*** Opening DATA FOR PROCESSING ***

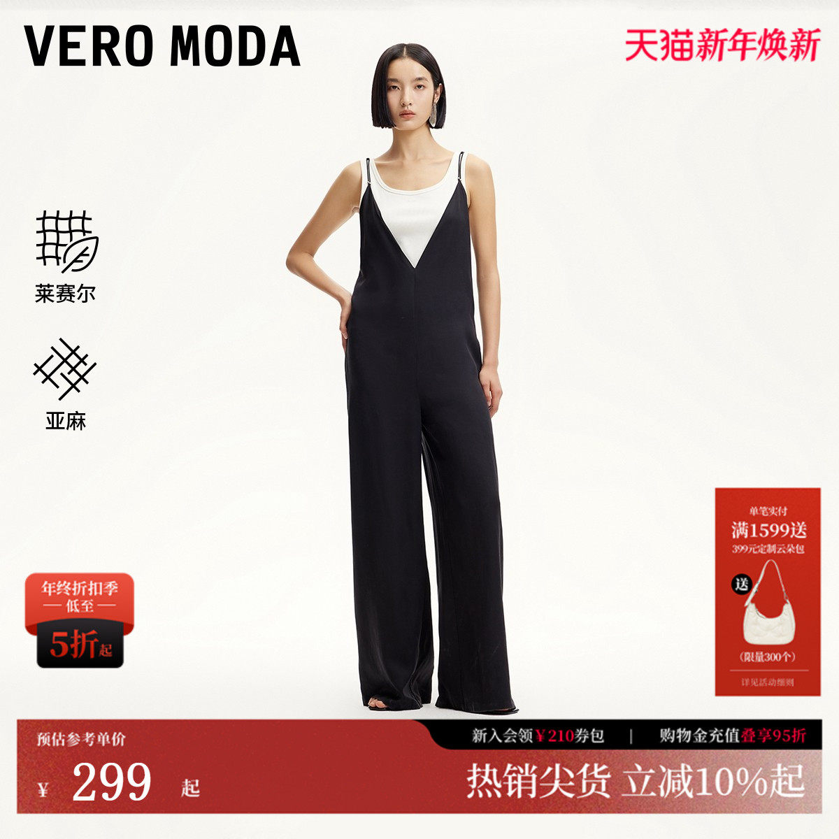 Vero Moda连体裤2025夏季新款V领吊带天丝莱赛尔亚麻阔腿显瘦休闲
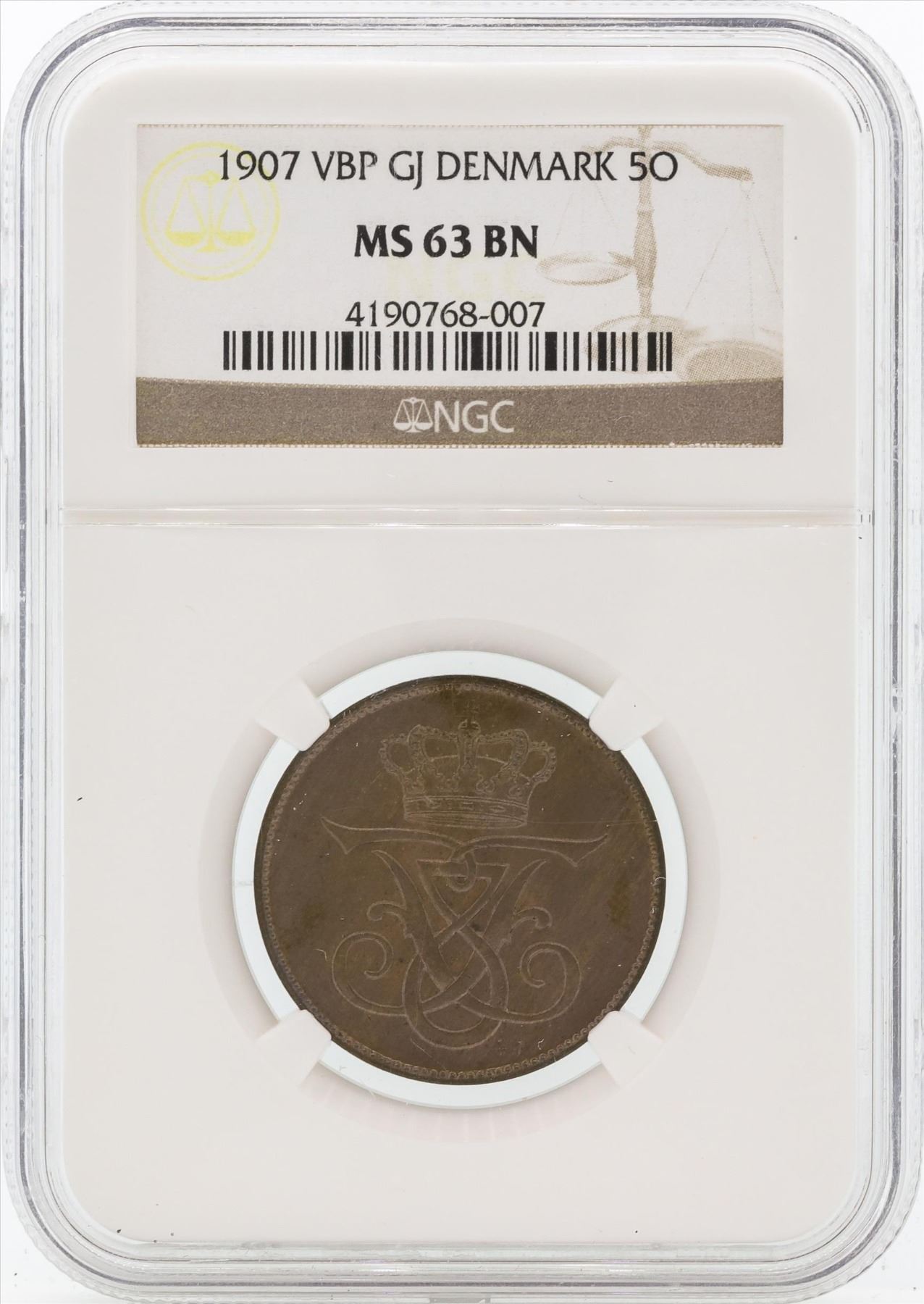 One 1907 VBP GJ Denmark 5 Ore Bronze Coin NGC MS63 BN.
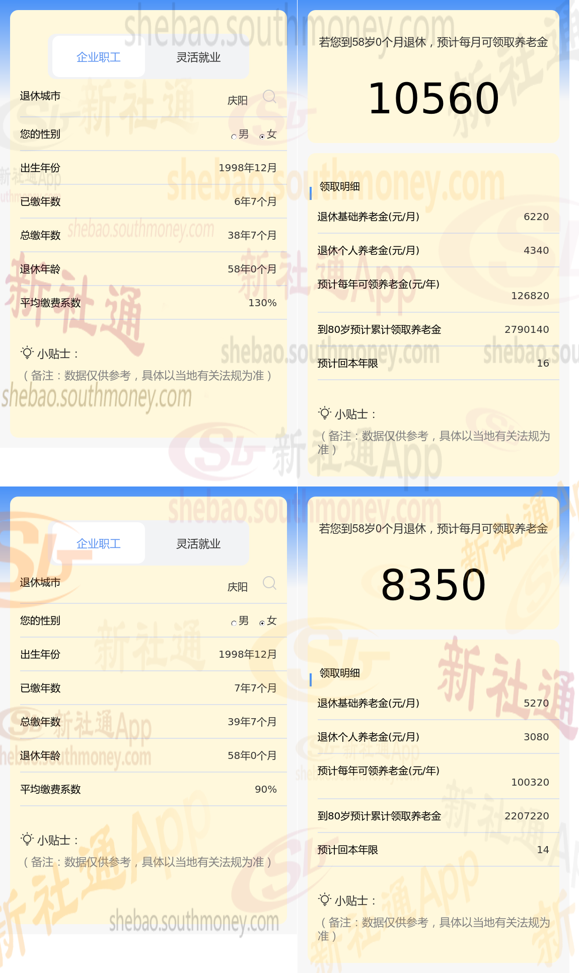 根据新社通app养老金计算器,轻松测算您的养老金!计算结果显示,张某与老周的养老金差距源于缴费年限和缴费档位的差异,这一差距具体体现在数额上,张某的10560元减去老周的8350元,等于2210元。
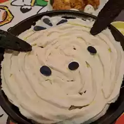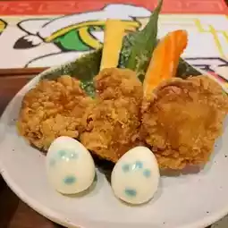 Served with fried chicken, egg strips, crab sticks, okra, and seaweed, the bowl features a PC Dog design. The udon is covered in smooth white cream, with a rich black truffle broth underneath, giving it a unique texture.
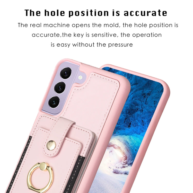 Para Samsung Galaxy S21 FE 5G BF27 Anillo de metal Tarjeta Bolsa Titular Caja del teléfono (Rosa)

*** Closing DATA FOR PROCESSING ***

» **THE PROBLEM**
Reproduce the listing verbatim, pictures excluded.

» **RESULT OF THIS EXERCISE**
 Vero Moda连体裤2025夏季新款V领吊带天丝莱赛尔亚麻阔腿显瘦休闲
 One 1907 VBP GJ Denmark 5 Ore Bronze Coin NGC MS63 BN.
 根据新社通app养老金计算器,轻松测算您的养老金!计算结果显示,张某与老周的养老金差距源于缴费年限和缴费档位的差异,这一差距具体体现在数额上,张某的10560元减去老周的8350元,等于2210元。
 Served with fried chicken, egg strips, crab sticks, okra, and seaweed, the bowl features a PC Dog design. The udon is covered in smooth white cream, with a rich black truffle broth underneath, giving it a unique texture.
 Para Samsung Galaxy S21 FE 5G BF27 Anillo de metal Tarjeta Bolsa Titular Caja del teléfono (Rosa)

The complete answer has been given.